Ulstein has entered into an agreement related to construction of an ULSTEIN SX134 design at Hanjin Heavy Industries & Construction Co in South Korea (Hanjin) for Korea Institute of Geoscience and Mineral Resources (KIGAM).

The vessel will be 92m long and 21m wide and fulfil the general demands of the seismic and oceanographic research industry for operations of seismic streamer cables, seismic bottom nodes, seismic high-resolution seafloor mapping, seafloor survey and sediment sampling.

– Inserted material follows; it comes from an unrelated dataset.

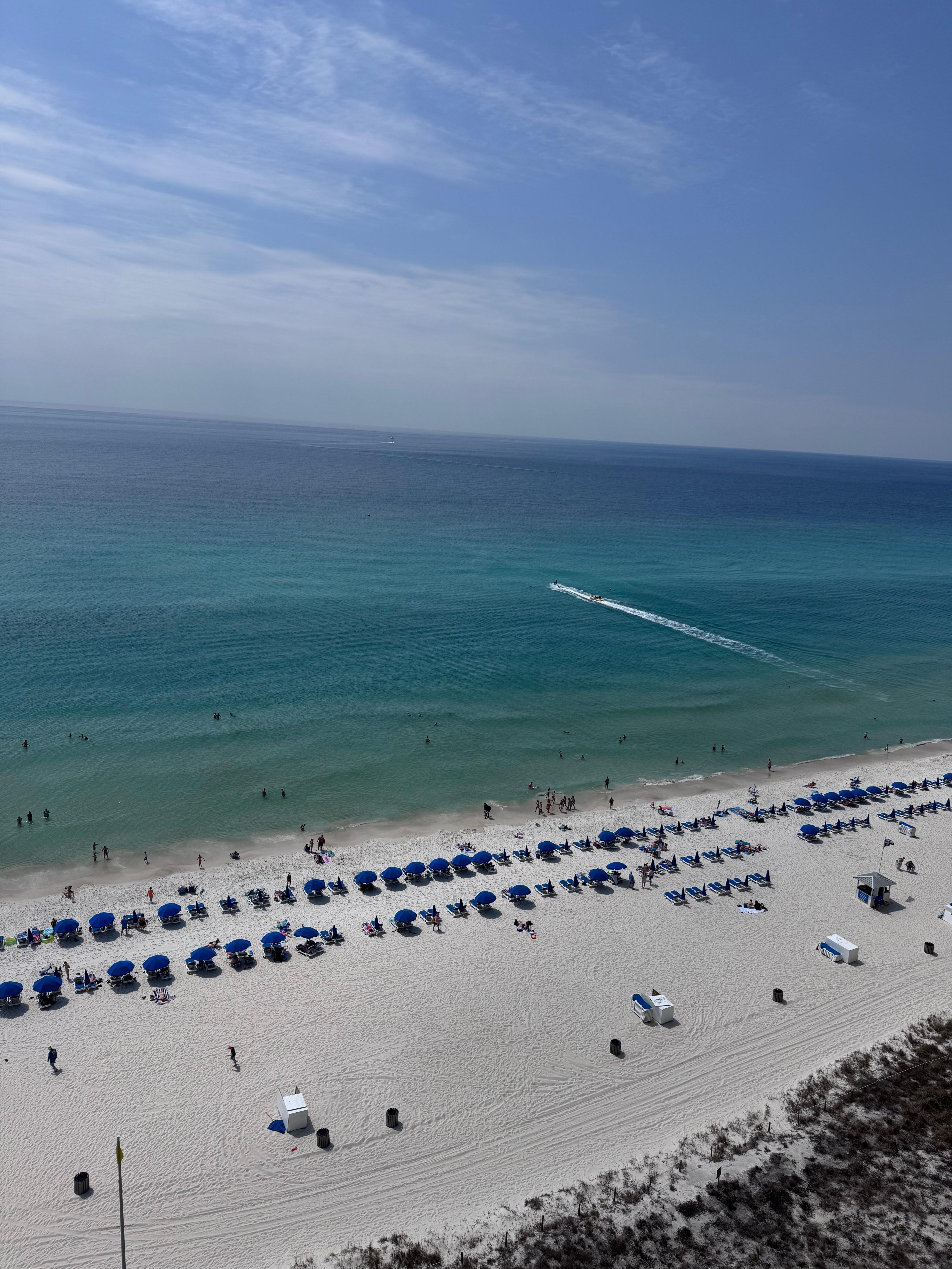 Pero llegaremos a eso. Hablemos de la playa. Estamos hablando de una playa que tiene más de 1000 pies de ancho. Eso es como un quinto de una milla de arena blanca azucarada que es todo tuyo. Sólo una vista increíble. Y puedes verlo desde el suelo y desde tu balcón privado. ¡Porque esta unidad está frente a la playa! Así que obtienes las mejores vistas, la mejor playa, el mejor lugar para una escapada aquí en Emerald Beach.

The vessel will function as a base for up to 30 researchers, and will additionally, accommodate a crew of up to 20. The vessel has been designed to include a variety of installed equipment, such as a 3D/4D seismic 8-streamer system, high resolution 2D/3D seismic P-cable system, a multicomponent OBN acquisition system, a Marine Gravity and Magnetic system, Multibeam and Single beam echosounders and auxiliary equipment for in sea acoustic sounding systems.

Further, the vessel incorporates a Deep Sea Chirp Sub-bottom profiler, an Acoustic Doppler Current Profiler (ADCP) and a High profile Underwater Positioning system. Sediment samplers and geochemical analysis equipment are available for the on-board researchers.

The X-BOW® hull line design leads to reduction in slamming and vibrations which makes it very suited for research operations. This design increases the operability of the vessel, reduces speed loss and will have an improved effect on recording of data when in operation.

The design with its modern technology ensures efficient operations with less fuel consumption and less environmental footprint. The on-board comfort is also improved: “The calmer movements in the X-BOW® vessels have a big impact on the crew’s well-being”, quoting the chief officer on one of Ulstein’s previously delivered seismic research vessels.

In 1996, Ulstein’ s own shipyard Ulstein Verft delivered their vessel no.246, Tamhae II, for  KIGAM.